Project Ideas
Some Ideas
None of these ideas are carefully thought out. That's the point: they are intended as a starting point that a group can work from, not a problem specification.
- An exploration of data compression. We have been using data that's either uncompressed or gzip compressed. Other options include snappy and lz4. How do these compare for read+uncompress and write+compress speed? Does storage type (spinning, SSD, NVMe) affect this significantly? Which should we choose, and in what circumstances?
- There's a lot more to be discovered in the GHCN data that we used for a few assignments. The full data set is available on the cluster for further examination.
- Obviously people travel for more than the weather, but what can you discover about the weather in popular tourist destinations?
- The full Reddit Submissions and Comments corpus is available on the cluster. There are countless questions that could be asked about it.
- What makes a submission good/bad? Perhaps time of day or sentiment or readability score affect how a post is perceived?
- Do regional subreddits (e.g. for countries/provinces/cities) have activity that is proportional to their population? If not, why not? What does affect the size of their community?
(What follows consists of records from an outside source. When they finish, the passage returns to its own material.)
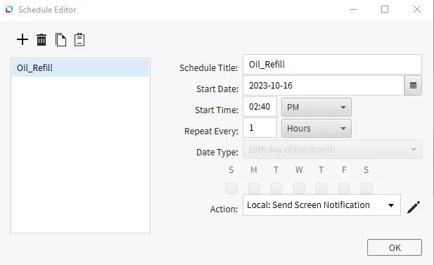 - Create a new Schedule. To achieve this, go to Tools > Schedule Editor. Click the + to create a new schedule; set the Schedule Title to “Oil_Refill.” Set the Start Date to the current date and the Start Time to 5 minutes from the present time. For example, if the current time is 2:30, the Start Time should be 2:35. Set the schedule to repeat every hour. Click the Action Field > Create New Commands. Create a Send Screen Notification Command; the message for this notification should be “Refill the oil.” Click OK to save and exit, and click OK again to exit the Schedule Editor.
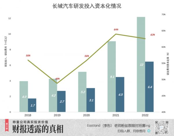 假如2022年研发投入资本化率只有50%,长城汽车净利润将减少15亿,相当于净利润的18%。
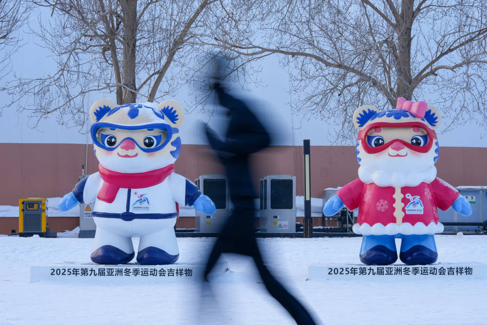 2025年1月8日,在哈爾濱湘江公園,跑步的市民從亞冬會(huì)吉祥物雕塑前經(jīng)過。
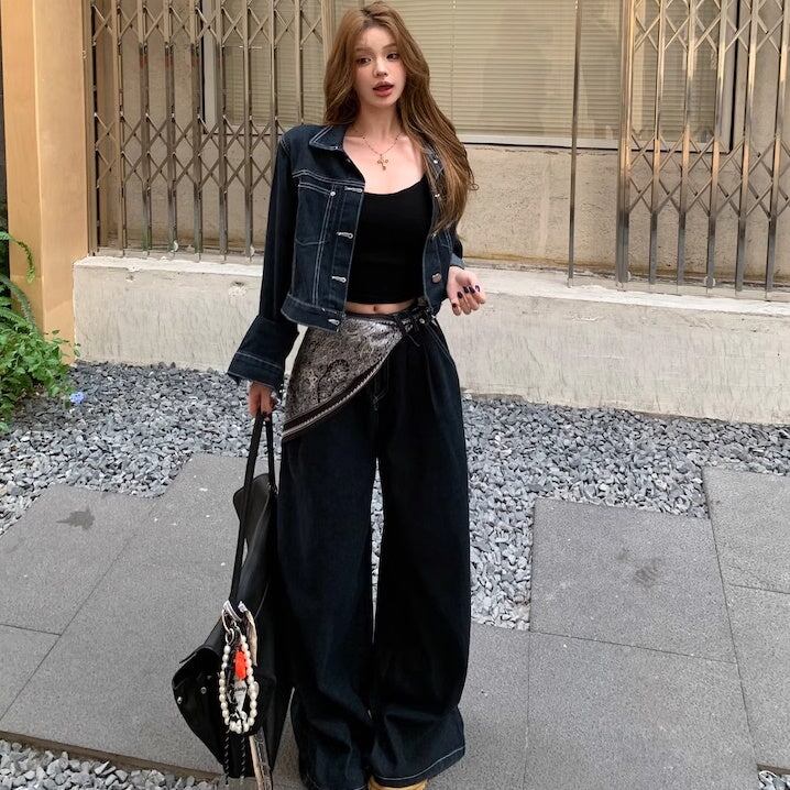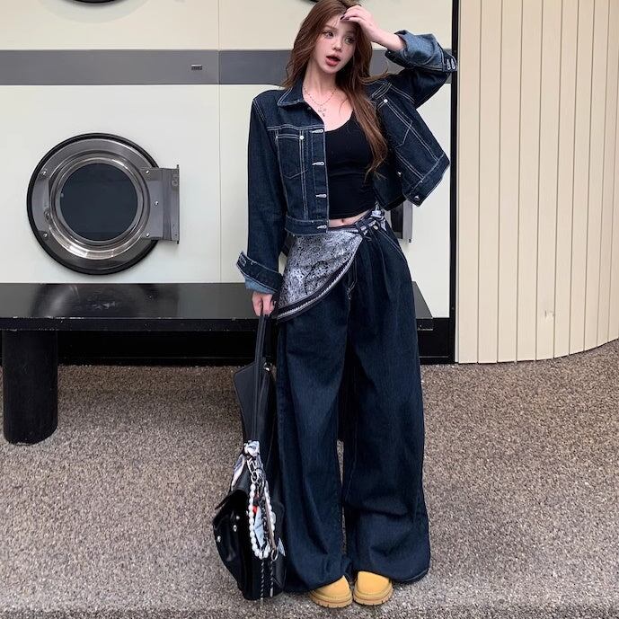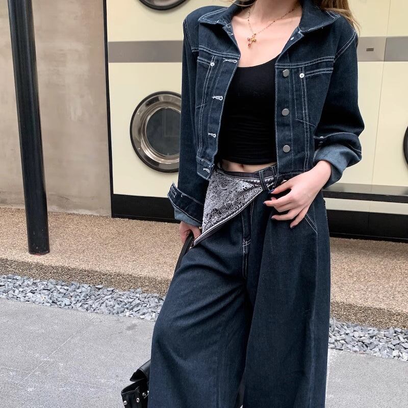 デニム セットアップ レディース 韓国 ファッション クロップ デニムジャケット デニムワイドパンツ インディゴブルー 上下2点セット
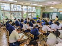 夏休みには、担任と三者面談を行い、具体的な目標を話し合ってきました。進路実現の参考になるテストでもあるため、真剣な眼差しで受験しています。
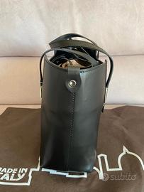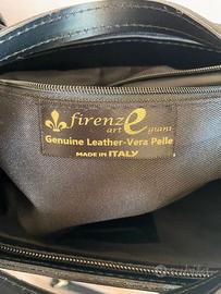 Borsa con 2 manici, tracolla amovibile, tasca interna con cerniera, tasca con cerniera sul retro, chiusura con cerniera. Made in Italy, Marca Firenze Artegiani. Composizione in pelle, fodera in tessuto. Dimensioni 37x10x27. Completa con propria sacca custodia. Nuova mai usata.

- Your phone is an powerful collection of sensors. Apps like Physics Toolbox Sensor Suite let your get at them (on Android, and no doubt similar apps exist on iOS).
- A GoPro has an even more impressive collection of sensors. Any of the above, but with a GoPro.
- The benchmarking of sorting algorithms that we did in an exercise was fairly minimal. Maybe there's a larger benchmarking opportunity you'd be interested in.
- Can you find independent implementations of common algorithms and compare them? Possibly "identical" functions in glibc and musl are more different than they seem if examined closely.
- How does the best implementation you can create compare to standard library code in C or Rust or Python?
- Or you could compare Pandas with various other DataFrame libraries like Polars or Spark.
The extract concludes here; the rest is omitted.